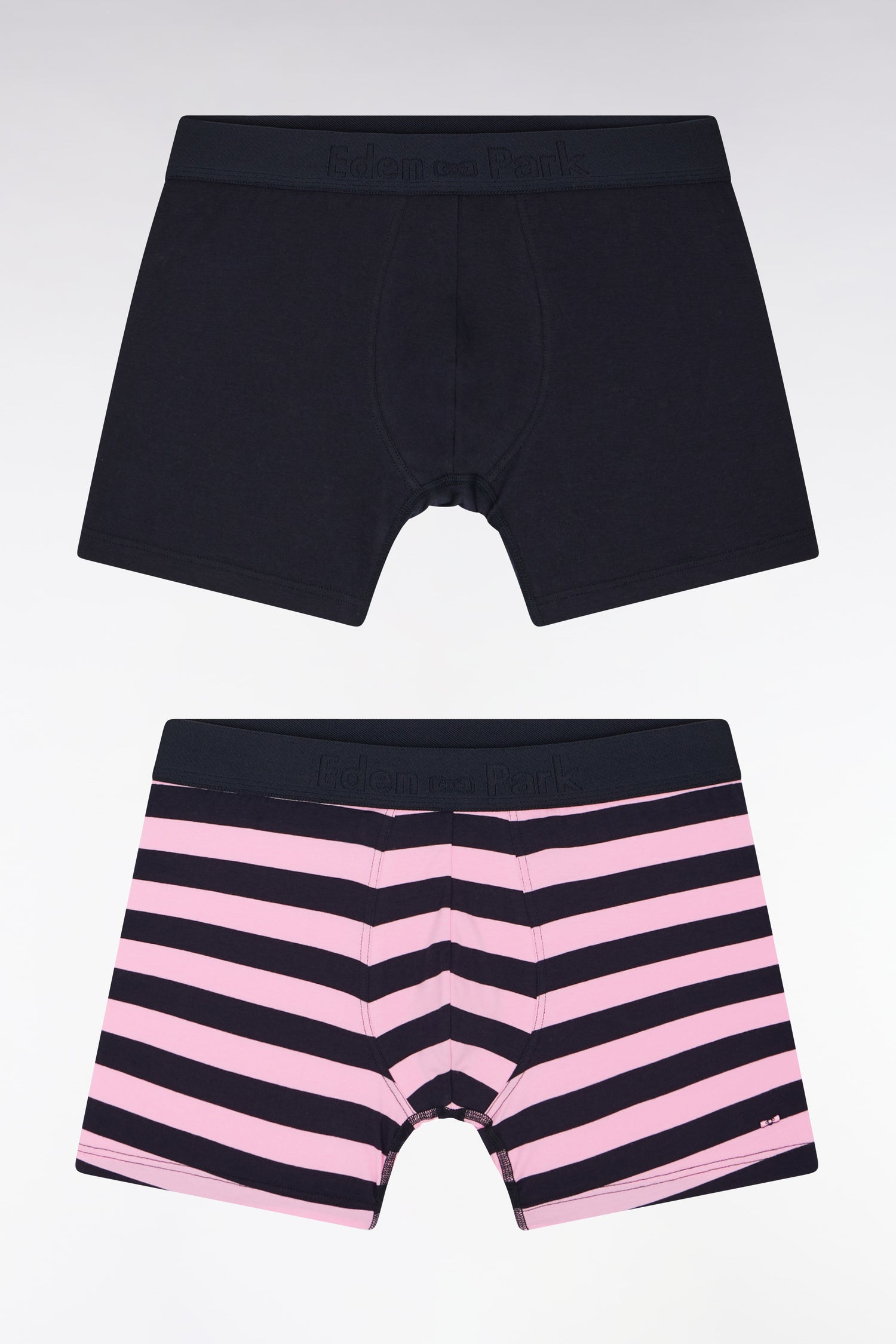 Eden Park Homme Men’s Lot De Deux Boxers Unis Et Cerclés En Jersey De Coton Stretch Marine E
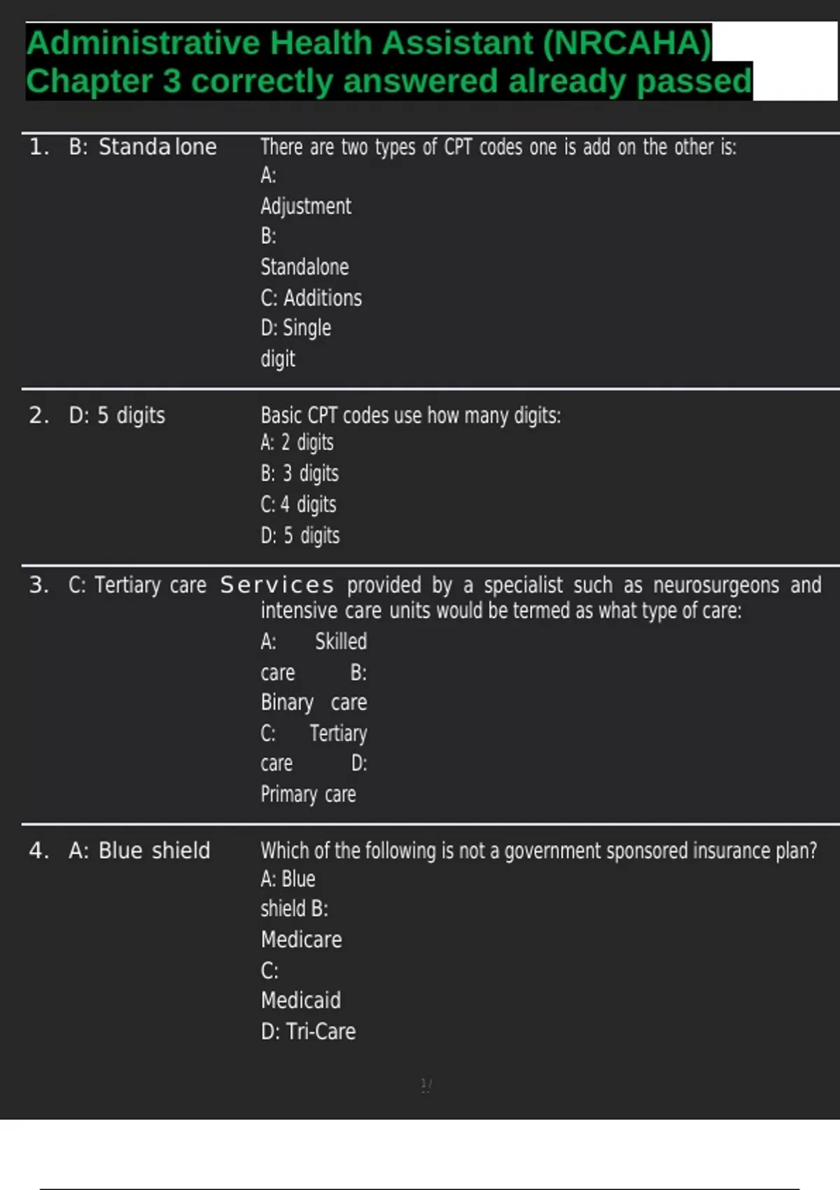 2. D: 5 digits Basic CPT codes use how many digits:
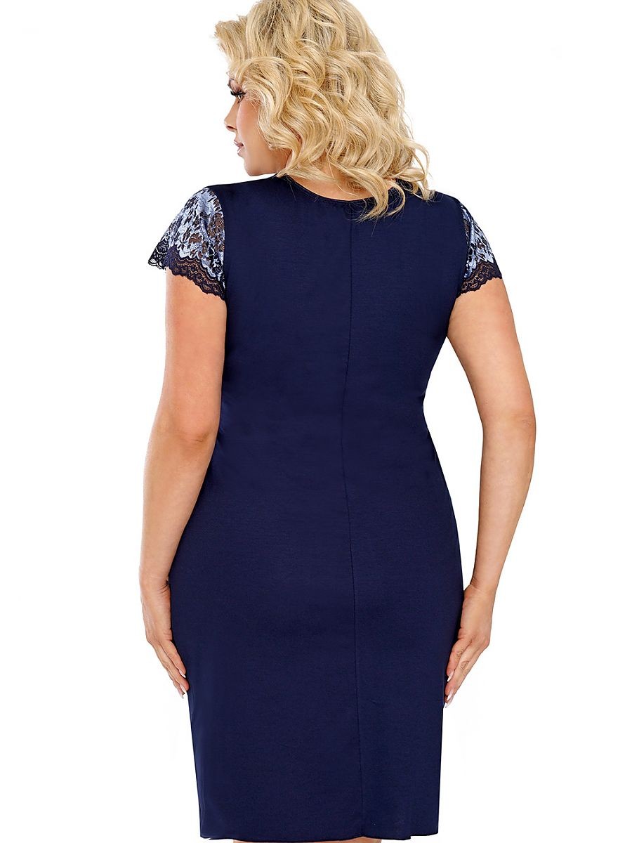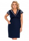 Une nuisette grande taille DEBORAH à la fois élégante et mystérieuse. La nuisette est montée sur de larges bretelles qui maintiennent bien le buste. Le décolleté est profond et décoré de dentelle bleu argenté chatoyante. Les manches sont amples, également en dentelle fine. Le tissu enveloppe délicatement le corps et descend jusqu'au genou. Fabriqué en Pologne.
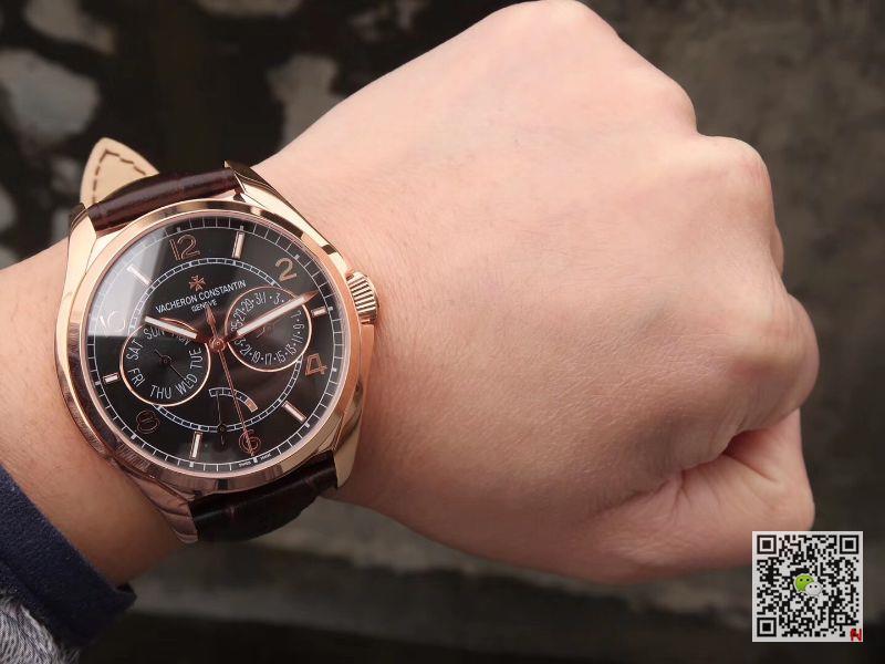 - The most difficult point in manufacturing case of replica Vacheron Constantin 4400E/000R/B436 is special-shaped components at the junction of middle case and bezel, the thickness of thinnest part is only 0.4mm and in polishing and stamping process is very easy to deform and bend that required high manufacture craftsmanship. Each finished watch case not only is time-consuming and laborious, but also embodies the patience and perseverance of watchmaker. Two-tone dial after many times modify color matching, really restore original color tone, 6 fine scale marks adopt integrated finished scale sticks that use CNC cutting forming and superstrong nightlight display, not fear night environment. The movement of replica Vacheron Constantin 4400E/000R/B436 watches is independent researched and developed, not only structure is consistent with original, but also the hand feeling of winding, operating poointers and time adjusting function are full coincidence. Embedded calfskin leather strap match original folding clasp, and closely connected to the watch shoulder, make the wearer feel more comfortable and fitting hand.
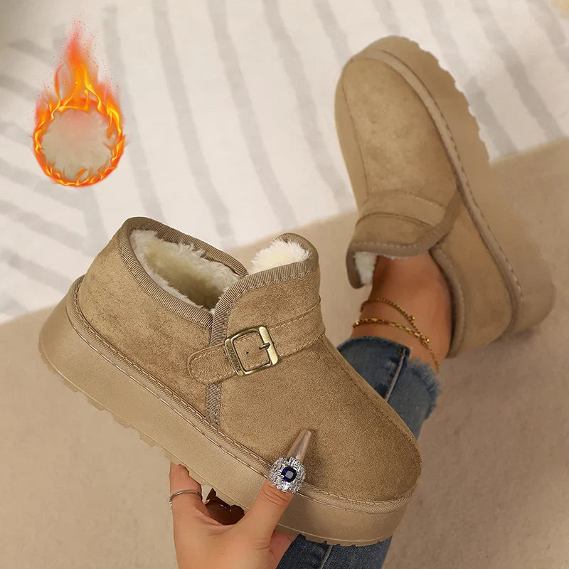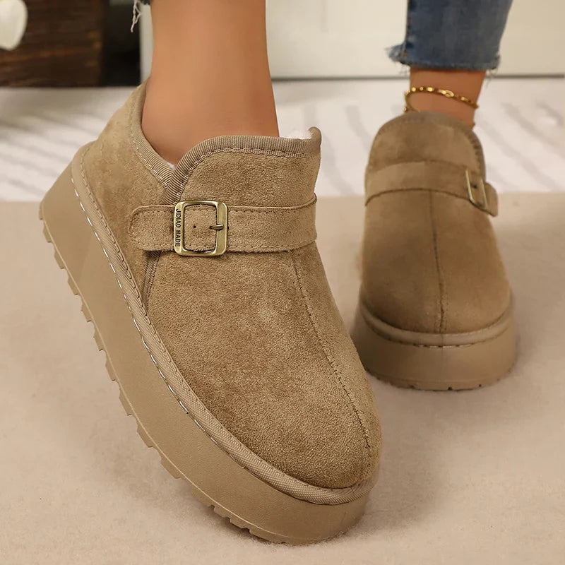 Las Botas Aurora han sido creadas para quienes no renuncian al estilo ni al confort en los días fríos. Con su acabado en ante sintético, interior grueso de felpa y suela gruesa antideslizante, estas botas ofrecen calor, estabilidad y un toque moderno a cualquier look. Perfectas para el día a día o escapadas de invierno, brindan ligereza y elegancia en igual medida.
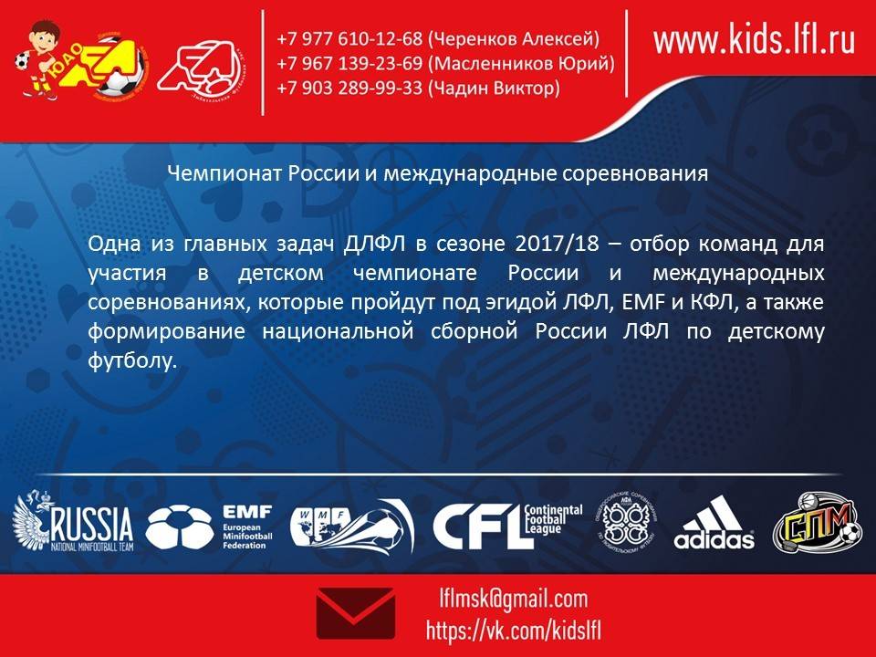 Уважаемые руководители клубов, родители и болельщики. До конца недели руководство ДЛФЛ подготовит для Вас презентацию-приглашение на зимний чемпионат ДЛФЛ, который пройдет в лучших залах Южного округа Москвы.
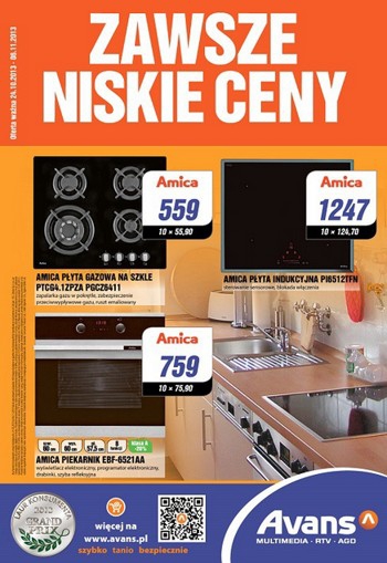 Nowa gazetka promocyjna Avans - "Zawsze niskie ceny". Polecane promocje z gazetki Avans: Płyta gazowa AMICA PGCZ6411 - 559 zł Płyta indukcyjna AMICA PI6512TFN - 1247 zł. Piekarnik AMICA EBF6521AA - 759 zł. Oferta ważna od 24.10…
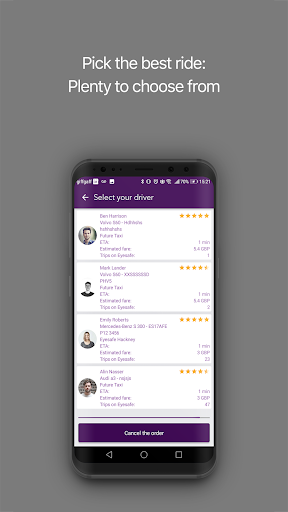 Smart Choices of different services by type, fare, distance and driver through multiple real time quotes,
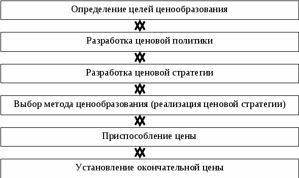Разработка ценовой стратегии-> Выбор метода ценообразия(реализация ценовой стратегии)-> Приспособление цены->Установление окончательной цены.
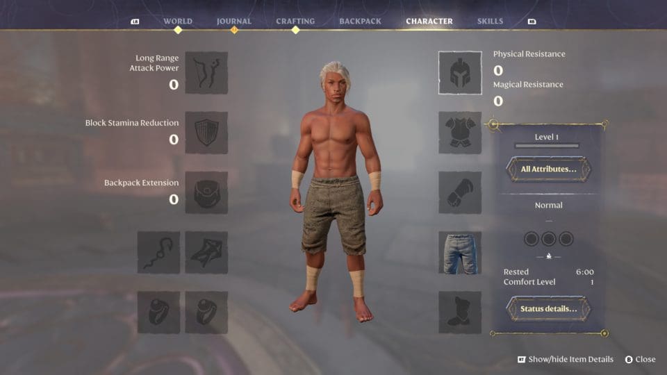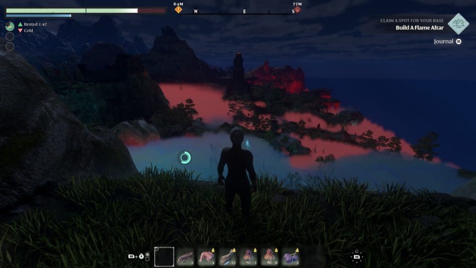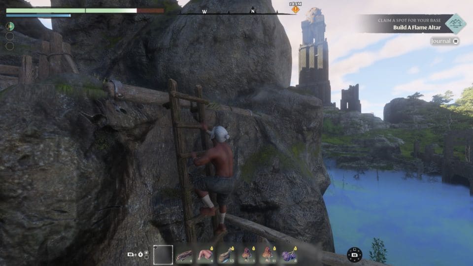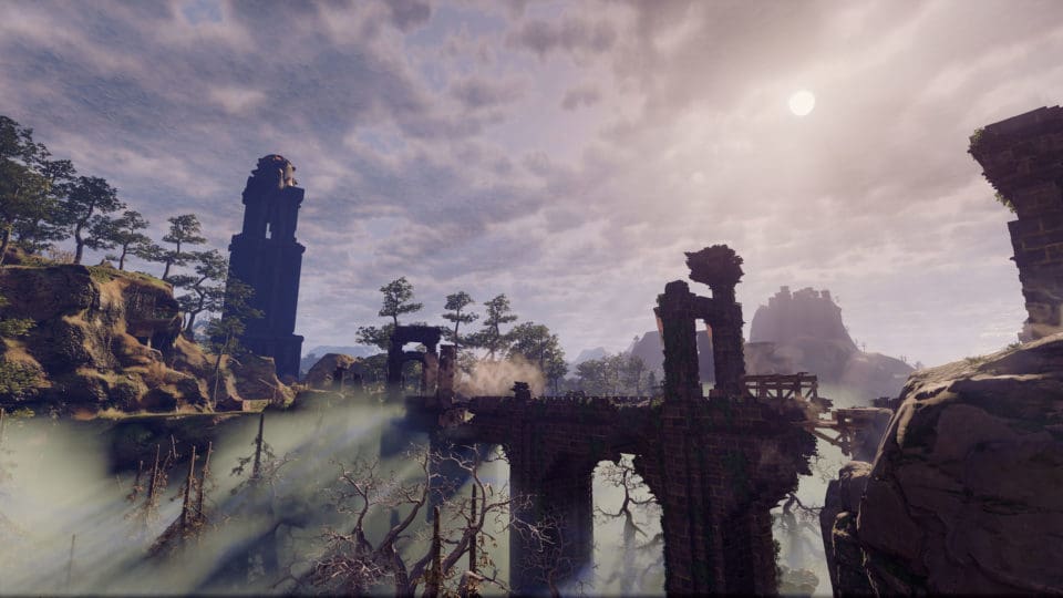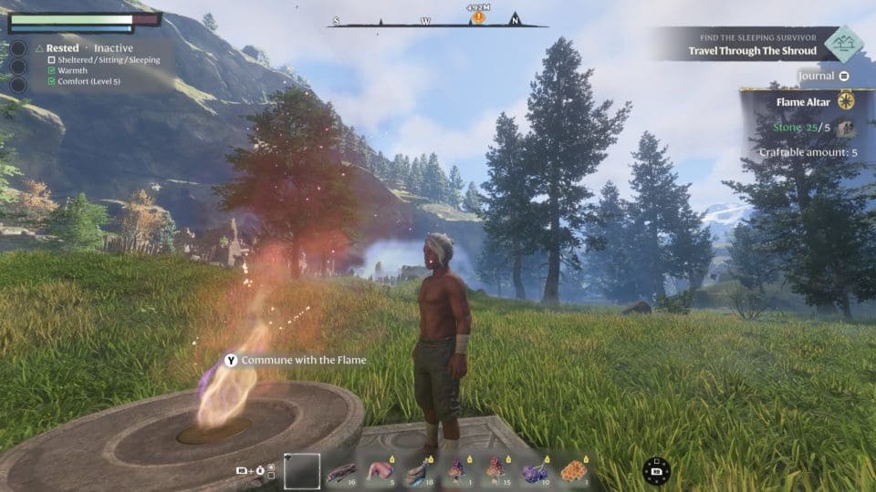 Wir spielen keinen normalen Menschen, sondern einen „Flameborn“ (aus der Flamme geborenen), und unsere Aufgabe besteht darin, das Land Embervale von dem schrecklichen Nebel (Shroud), der das Land überzogen hat, zu befreien. Der Nebel ist offensichtlich das Ergebnis von Handlungen unserer Vorfahren, die in ihrer Gier und Dummheit ihren eigenen Untergang herbeigeführt haben. Soviel zur Hintergrundgeschichte. Das Gameplay selbst ist nicht übermäßig innovativ, dafür ist es aber überaus gut gemacht. Wir können all das, was wir in vielen anderen Survival Spielen auch können – durch die Gegend laufen, schleichen, springen, zuschlagen, blocken, zaubern und überall Dinge einsammeln, mit denen wir dann neue, tolle Dinge herstellen und bauen können. Sterben ist nicht so extrem schmerzhaft, ihr erwacht am letzten Speicherpunkt und könnt euch euer Inventar am Ort des Ablebens wieder holen. Unser Lager schaut bald mehr aus wie eine Burg, und wir lernen Fähigkeiten wie mit kleinen Flügeln am Rücken durch die Luft zu gleiten oder uns mit einem Kletterhaken durch die Gegend zu schwingen. Die Landkarte wird automatisch erstellt, die Quests werden vom Spiel notiert und sind jederzeit einsehbar. Die Charakterentwicklung ist recht komplex, es steht ein umfangreicher Fertigkeitenbaum zur Verfügung. Doppelsprung oder doch lieber ein neuer Zauberspruch? Wollen wir ein Fernkämpfer, Heiler, Zauberer oder doch lieber Attentäter werden? Die Wahl liegt bei uns. Und was ziehen wir heute wieder an? Helm, Handschuh, Hose, Schuhe, eine Jacke, ein Schild…
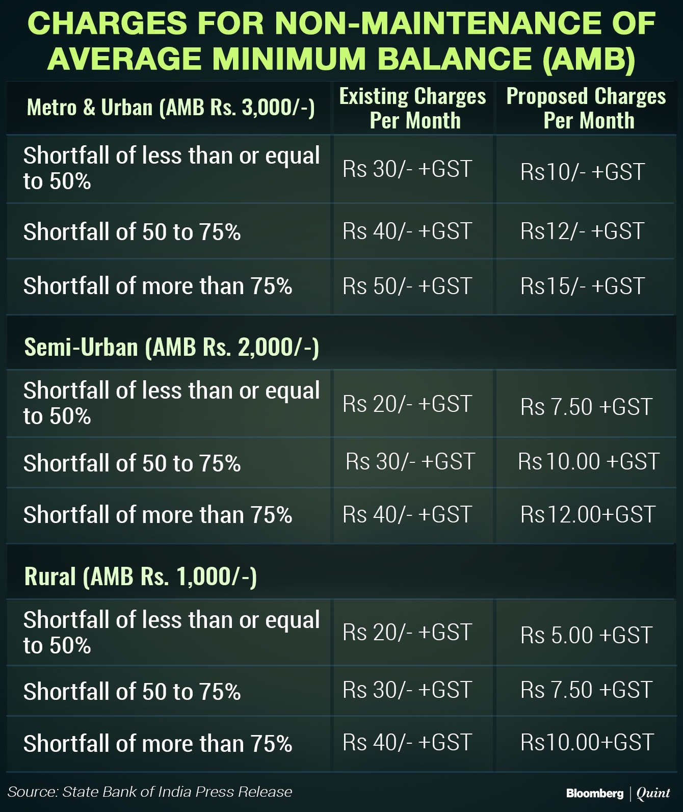 The country's largest lender will charge a maximum of Rs 15 per month from urban customers, down from Rs 50 earlier, according to its press release. For semi-urban and rural customers, the maximum penalty has been lowered to Rs 12 and Rs 10 respectively, down from up to Rs 40 a month earlier. Goods and services tax charges will be applicable, the release added.
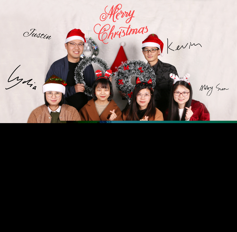 我們利用圣誕花環(huán)、圣誕樹、圣誕襪、圣誕擺件等各類節(jié)日裝飾品,以白色絨布為背景,打造了一個溫暖喜慶的布景。隨后按照公司各個小組的順序,以重要客戶為對象,進行不同的序列組合拍攝團體照。另外,我們還收集了每一位業(yè)務(wù)員的英文電子簽名,標注在每個人照片旁邊,以便給客戶留下更深刻的印象。拍完照之后,我們在上面加上了祝福語和親筆電子簽名,最后制作出了一張張別出心裁的精美圣誕節(jié)專屬賀卡。

::::::

▶ Problem statement
Go to the line above holding "Las Botas Aurora", then copy exactly each line down to and including the one holding "Smart Choices of", leaving pictures out.

▶ Solution for this problem
 Las Botas Aurora han sido creadas para quienes no renuncian al estilo ni al confort en los días fríos. Con su acabado en ante sintético, interior grueso de felpa y suela gruesa antideslizante, estas botas ofrecen calor, estabilidad y un toque moderno a cualquier look. Perfectas para el día a día o escapadas de invierno, brindan ligereza y elegancia en igual medida.
 Уважаемые руководители клубов, родители и болельщики. До конца недели руководство ДЛФЛ подготовит для Вас презентацию-приглашение на зимний чемпионат ДЛФЛ, который пройдет в лучших залах Южного округа Москвы.
 Nowa gazetka promocyjna Avans - "Zawsze niskie ceny". Polecane promocje z gazetki Avans: Płyta gazowa AMICA PGCZ6411 - 559 zł Płyta indukcyjna AMICA PI6512TFN - 1247 zł. Piekarnik AMICA EBF6521AA - 759 zł. Oferta ważna od 24.10…
 Smart Choices of different services by type, fare, distance and driver through multiple real time quotes,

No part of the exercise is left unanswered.